Directions for this task -> Below are entries with pictures in them. Output exactly the lines starting at the line with "mountaineering and camping." and ending at the line with "2023.8.3 (木) 暑中お見舞い申し上げます。☀", both included, but not the pictures.

Data for processing ->

****************************************

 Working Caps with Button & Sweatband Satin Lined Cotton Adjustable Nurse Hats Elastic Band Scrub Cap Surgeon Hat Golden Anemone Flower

****************************************

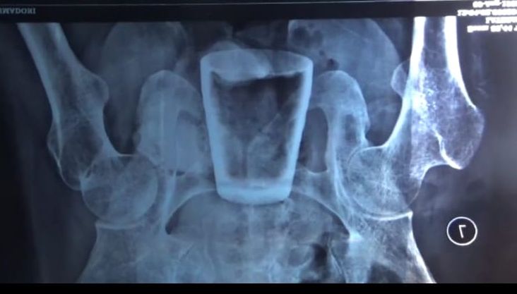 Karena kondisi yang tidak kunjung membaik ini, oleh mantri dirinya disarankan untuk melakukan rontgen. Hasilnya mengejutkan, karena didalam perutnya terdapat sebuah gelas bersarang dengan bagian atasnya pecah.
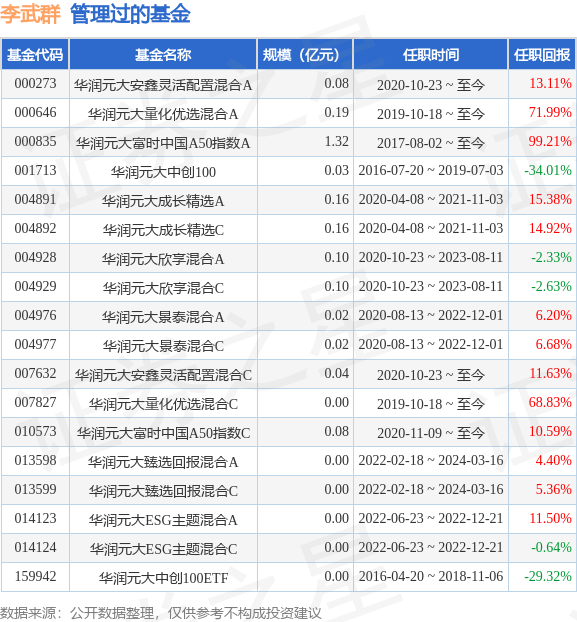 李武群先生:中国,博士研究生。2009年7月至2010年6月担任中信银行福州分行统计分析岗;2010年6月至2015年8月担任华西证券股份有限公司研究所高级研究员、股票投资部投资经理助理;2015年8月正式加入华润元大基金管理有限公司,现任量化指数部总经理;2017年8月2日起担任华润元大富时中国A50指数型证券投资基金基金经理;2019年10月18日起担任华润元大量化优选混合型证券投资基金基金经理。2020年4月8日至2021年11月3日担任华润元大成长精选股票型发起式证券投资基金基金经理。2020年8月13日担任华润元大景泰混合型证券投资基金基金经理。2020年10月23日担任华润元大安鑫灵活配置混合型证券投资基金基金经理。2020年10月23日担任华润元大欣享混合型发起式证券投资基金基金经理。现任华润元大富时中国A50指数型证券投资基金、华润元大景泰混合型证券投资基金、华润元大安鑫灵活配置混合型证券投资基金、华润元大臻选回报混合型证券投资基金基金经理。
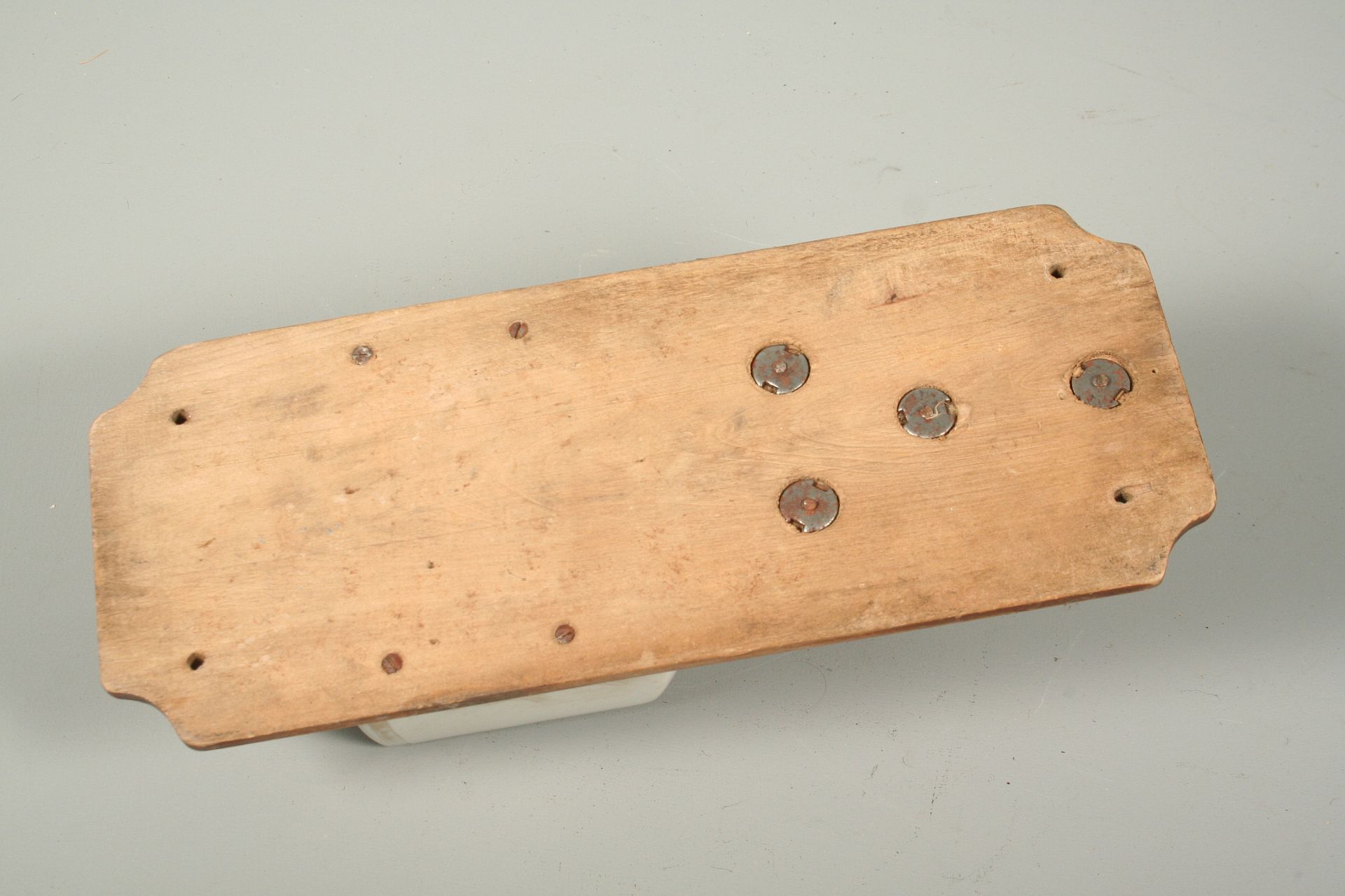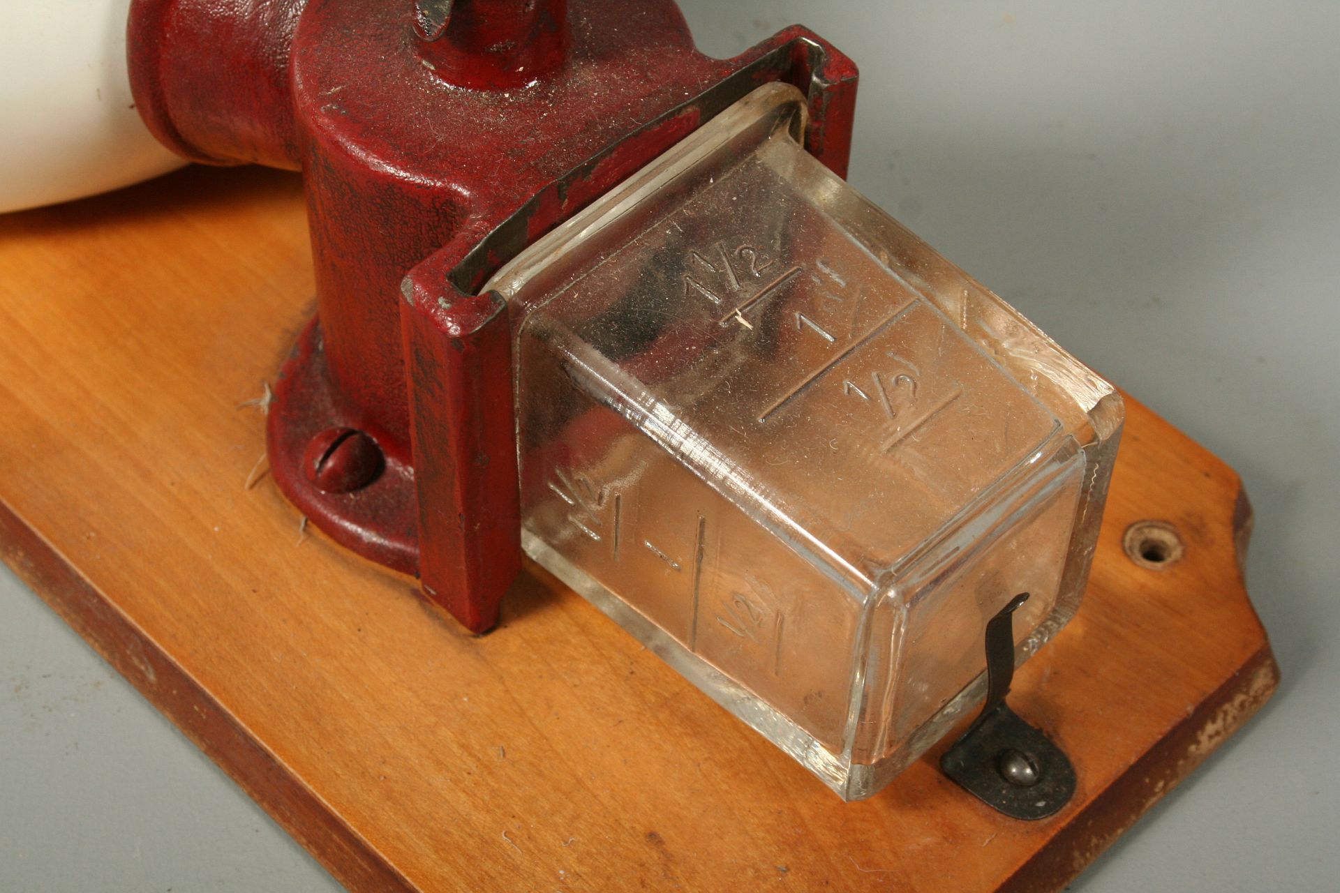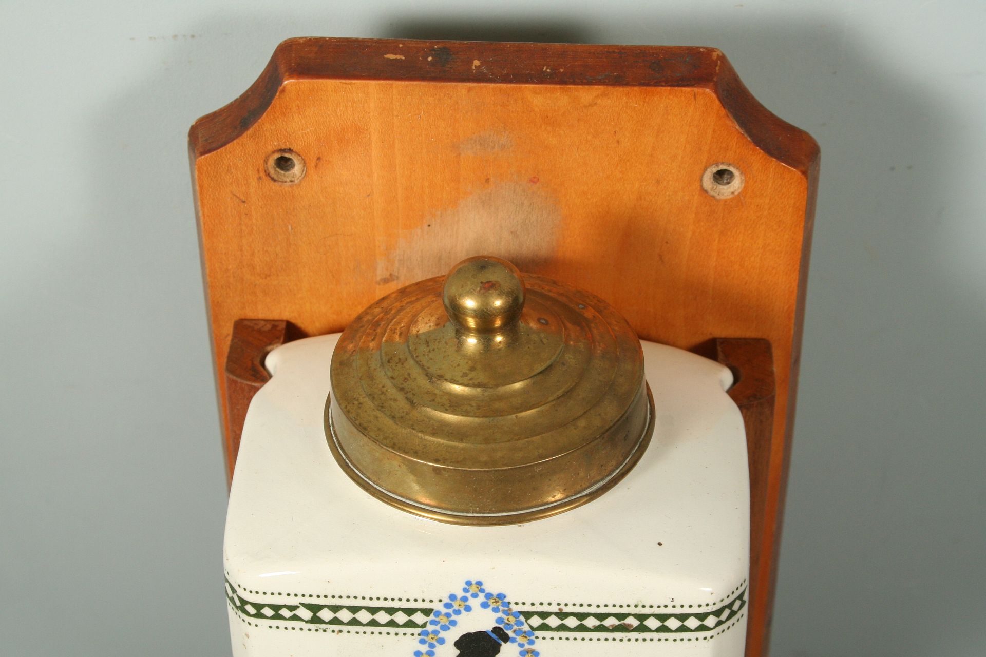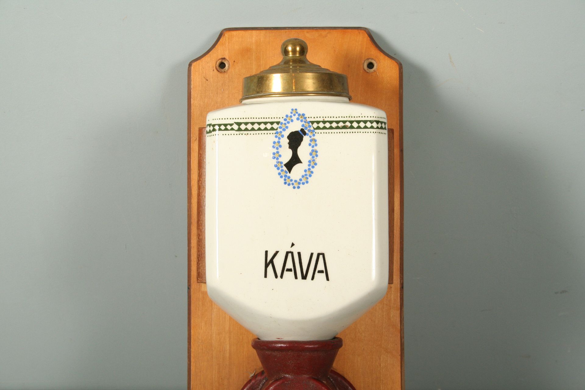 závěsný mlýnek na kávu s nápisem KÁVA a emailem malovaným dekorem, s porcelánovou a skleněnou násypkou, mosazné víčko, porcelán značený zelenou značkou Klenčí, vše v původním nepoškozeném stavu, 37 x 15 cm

****************************************

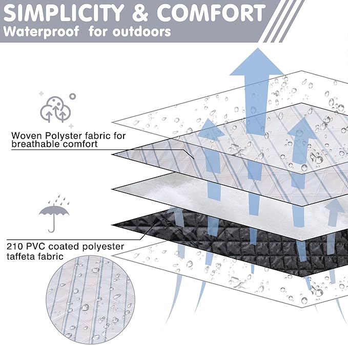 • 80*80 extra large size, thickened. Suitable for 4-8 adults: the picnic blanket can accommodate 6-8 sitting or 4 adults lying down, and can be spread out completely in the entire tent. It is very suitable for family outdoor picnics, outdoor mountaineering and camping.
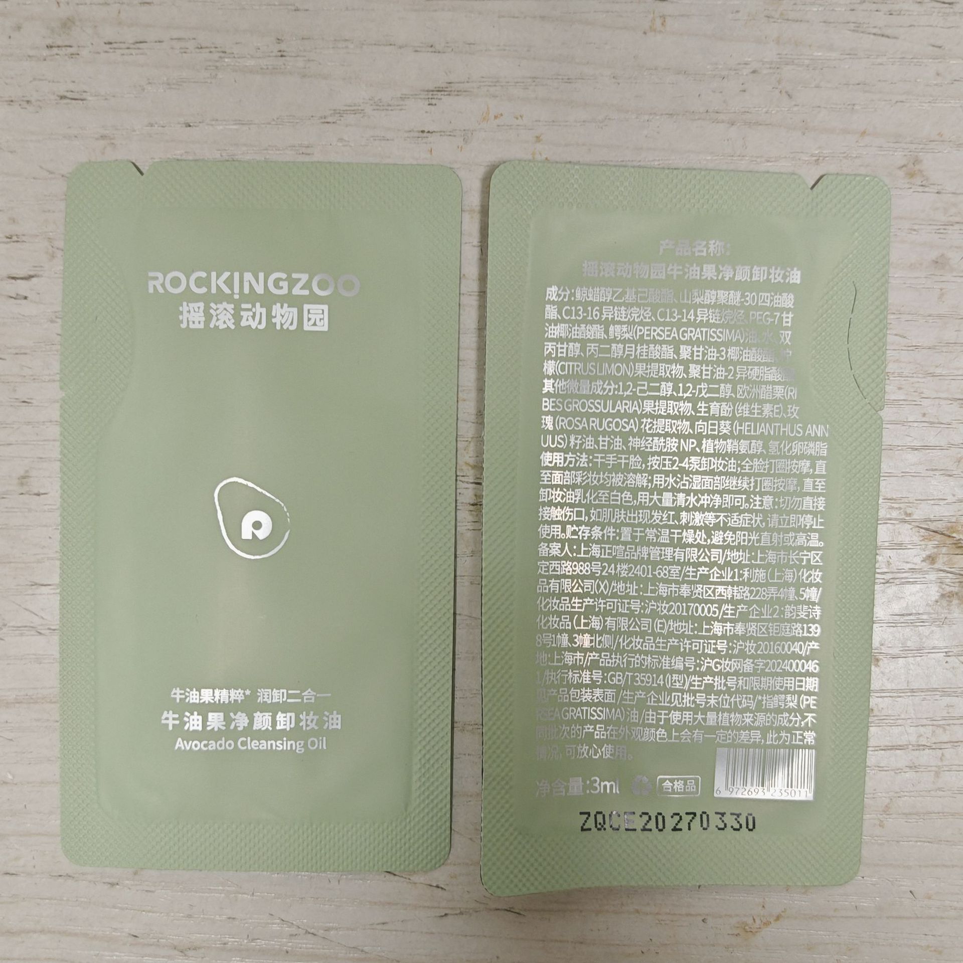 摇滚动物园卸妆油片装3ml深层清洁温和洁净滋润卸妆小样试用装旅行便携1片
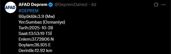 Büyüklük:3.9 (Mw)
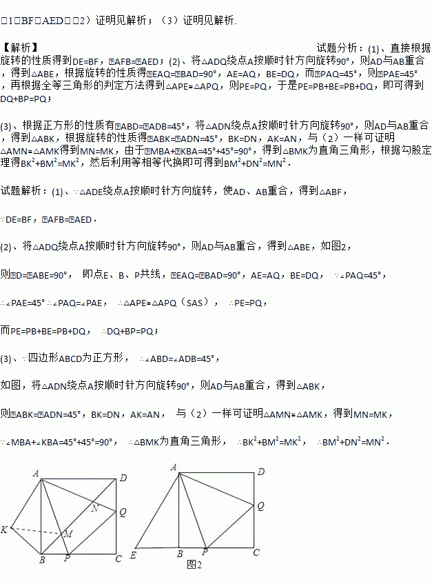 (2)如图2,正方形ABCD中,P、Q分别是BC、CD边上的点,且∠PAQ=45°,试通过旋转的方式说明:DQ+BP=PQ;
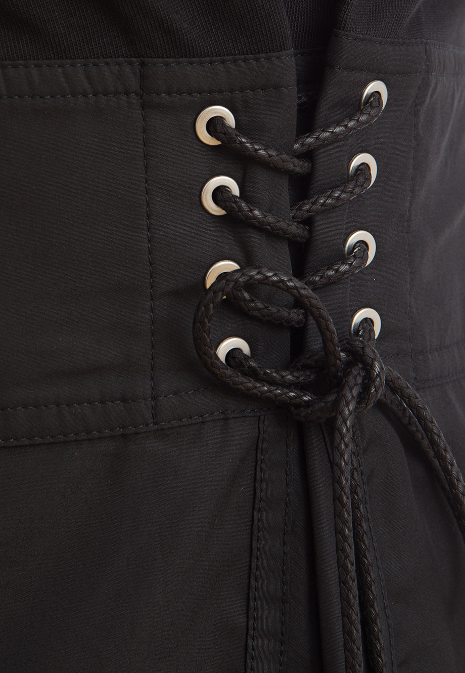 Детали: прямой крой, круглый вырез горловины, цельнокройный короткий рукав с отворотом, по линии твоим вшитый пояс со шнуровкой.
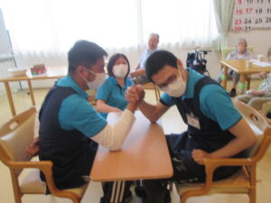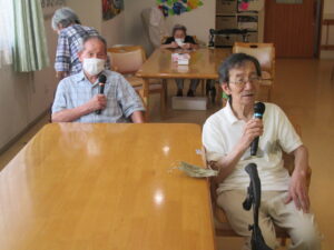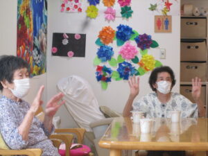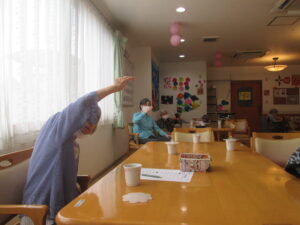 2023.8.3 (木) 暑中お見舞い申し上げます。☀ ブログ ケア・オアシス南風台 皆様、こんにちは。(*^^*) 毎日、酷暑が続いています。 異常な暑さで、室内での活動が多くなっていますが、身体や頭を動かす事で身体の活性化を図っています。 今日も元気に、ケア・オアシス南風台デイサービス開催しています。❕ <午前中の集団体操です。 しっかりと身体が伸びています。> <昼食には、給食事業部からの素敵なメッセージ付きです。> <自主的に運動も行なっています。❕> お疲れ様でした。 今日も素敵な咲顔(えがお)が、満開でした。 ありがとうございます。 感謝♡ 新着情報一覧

****************************************

Exercise result ->
 • 80*80 extra large size, thickened. Suitable for 4-8 adults: the picnic blanket can accommodate 6-8 sitting or 4 adults lying down, and can be spread out completely in the entire tent. It is very suitable for family outdoor picnics, outdoor mountaineering and camping.
 摇滚动物园卸妆油片装3ml深层清洁温和洁净滋润卸妆小样试用装旅行便携1片
 Büyüklük:3.9 (Mw)
 (2)如图2,正方形ABCD中,P、Q分别是BC、CD边上的点,且∠PAQ=45°,试通过旋转的方式说明:DQ+BP=PQ;
 Детали: прямой крой, круглый вырез горловины, цельнокройный короткий рукав с отворотом, по линии твоим вшитый пояс со шнуровкой.
 2023.8.3 (木) 暑中お見舞い申し上げます。☀ ブログ ケア・オアシス南風台 皆様、こんにちは。(*^^*) 毎日、酷暑が続いています。 異常な暑さで、室内での活動が多くなっていますが、身体や頭を動かす事で身体の活性化を図っています。 今日も元気に、ケア・オアシス南風台デイサービス開催しています。❕ <午前中の集団体操です。 しっかりと身体が伸びています。> <昼食には、給食事業部からの素敵なメッセージ付きです。> <自主的に運動も行なっています。❕> お疲れ様でした。 今日も素敵な咲顔(えがお)が、満開でした。 ありがとうございます。 感謝♡ 新着情報一覧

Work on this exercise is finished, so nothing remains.